+++ The data
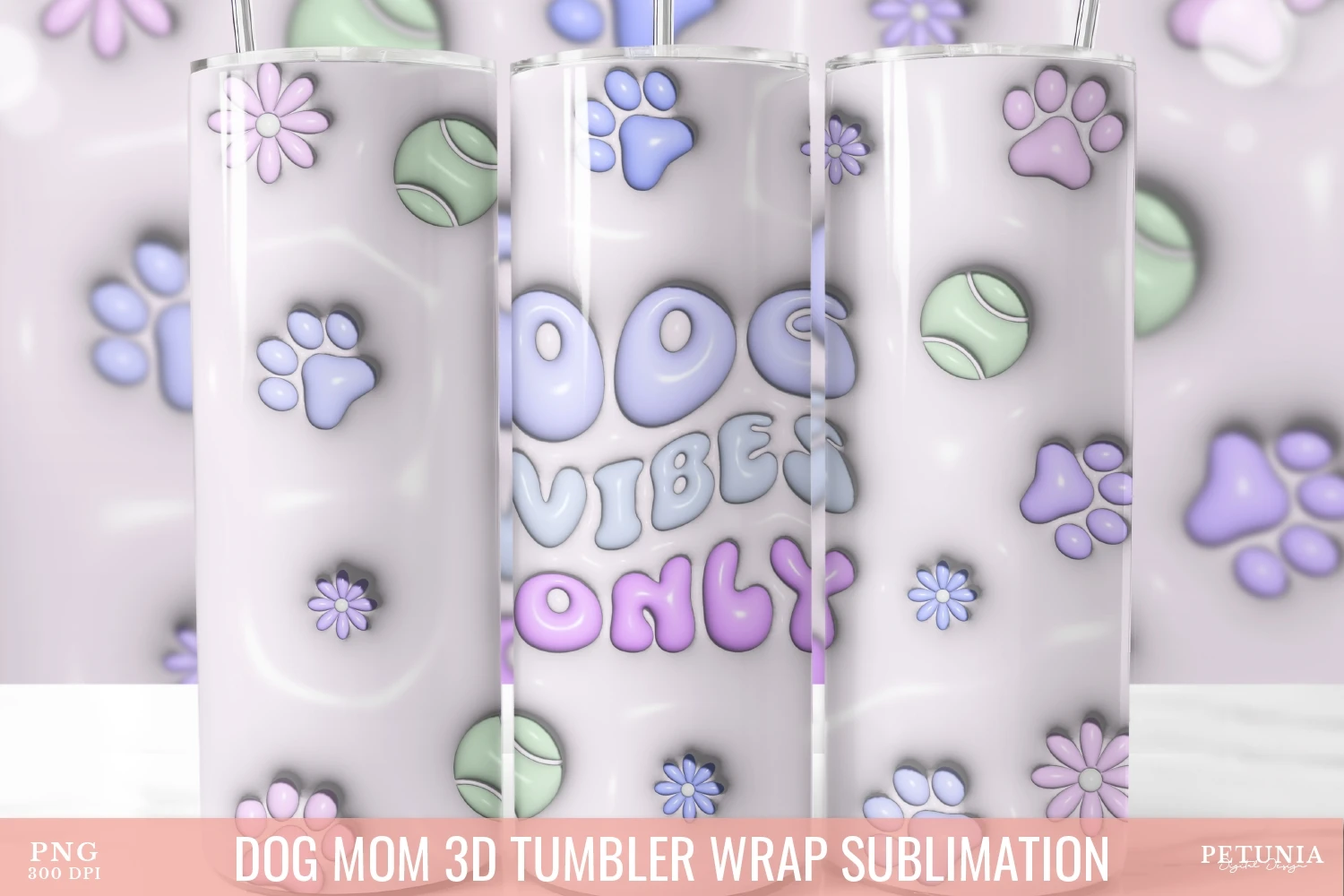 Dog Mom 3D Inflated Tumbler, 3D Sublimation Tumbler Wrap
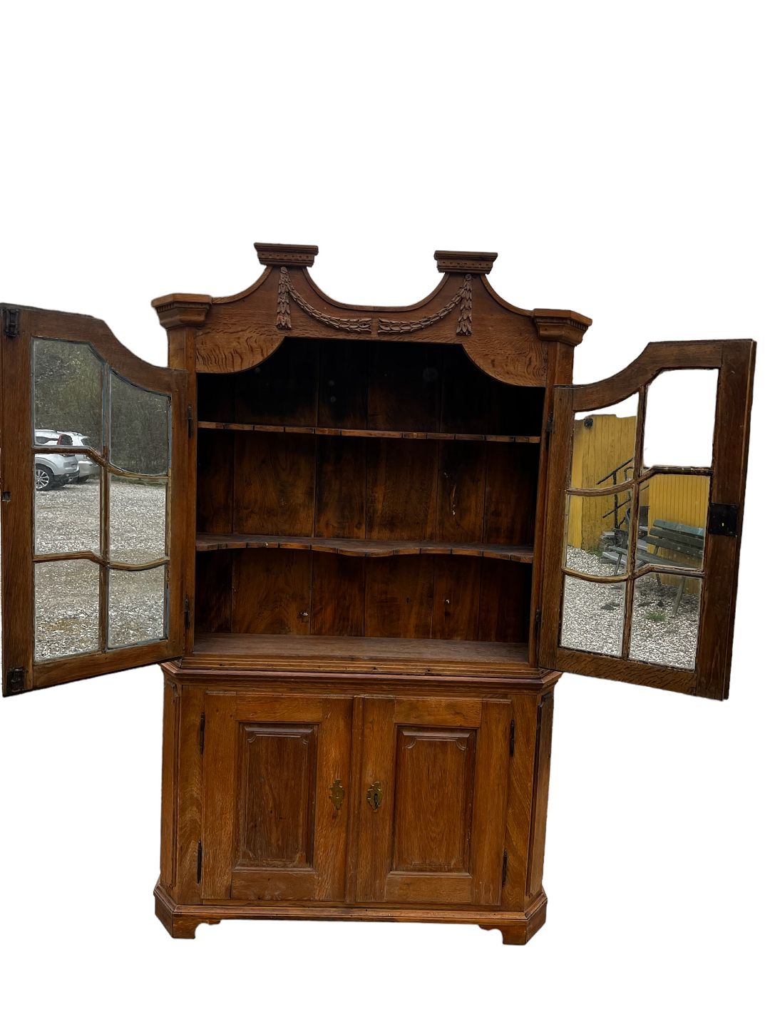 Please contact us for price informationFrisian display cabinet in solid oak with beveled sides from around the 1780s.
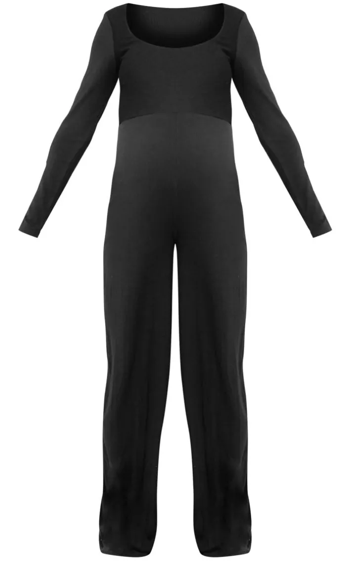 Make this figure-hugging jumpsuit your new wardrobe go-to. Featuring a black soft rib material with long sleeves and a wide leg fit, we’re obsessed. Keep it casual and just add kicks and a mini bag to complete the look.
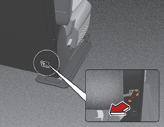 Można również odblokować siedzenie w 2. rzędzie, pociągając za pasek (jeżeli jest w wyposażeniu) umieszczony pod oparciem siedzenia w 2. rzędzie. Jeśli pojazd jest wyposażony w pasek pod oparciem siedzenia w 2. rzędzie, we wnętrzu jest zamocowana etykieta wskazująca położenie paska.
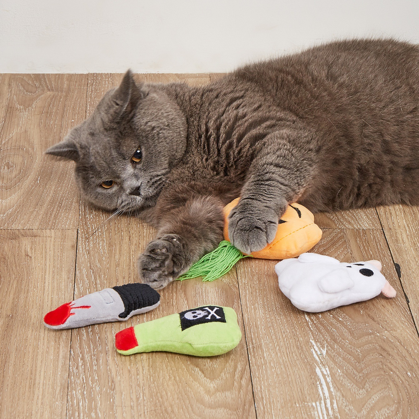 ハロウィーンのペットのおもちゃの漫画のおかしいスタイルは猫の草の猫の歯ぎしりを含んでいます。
++++++
§ Task item:
Excluding pictures, reproduce the listing above exactly as it stands.

§ Task output:
 Dog Mom 3D Inflated Tumbler, 3D Sublimation Tumbler Wrap
 Please contact us for price informationFrisian display cabinet in solid oak with beveled sides from around the 1780s.
 Make this figure-hugging jumpsuit your new wardrobe go-to. Featuring a black soft rib material with long sleeves and a wide leg fit, we’re obsessed. Keep it casual and just add kicks and a mini bag to complete the look.
 Można również odblokować siedzenie w 2. rzędzie, pociągając za pasek (jeżeli jest w wyposażeniu) umieszczony pod oparciem siedzenia w 2. rzędzie. Jeśli pojazd jest wyposażony w pasek pod oparciem siedzenia w 2. rzędzie, we wnętrzu jest zamocowana etykieta wskazująca położenie paska.
 ハロウィーンのペットのおもちゃの漫画のおかしいスタイルは猫の草の猫の歯ぎしりを含んでいます。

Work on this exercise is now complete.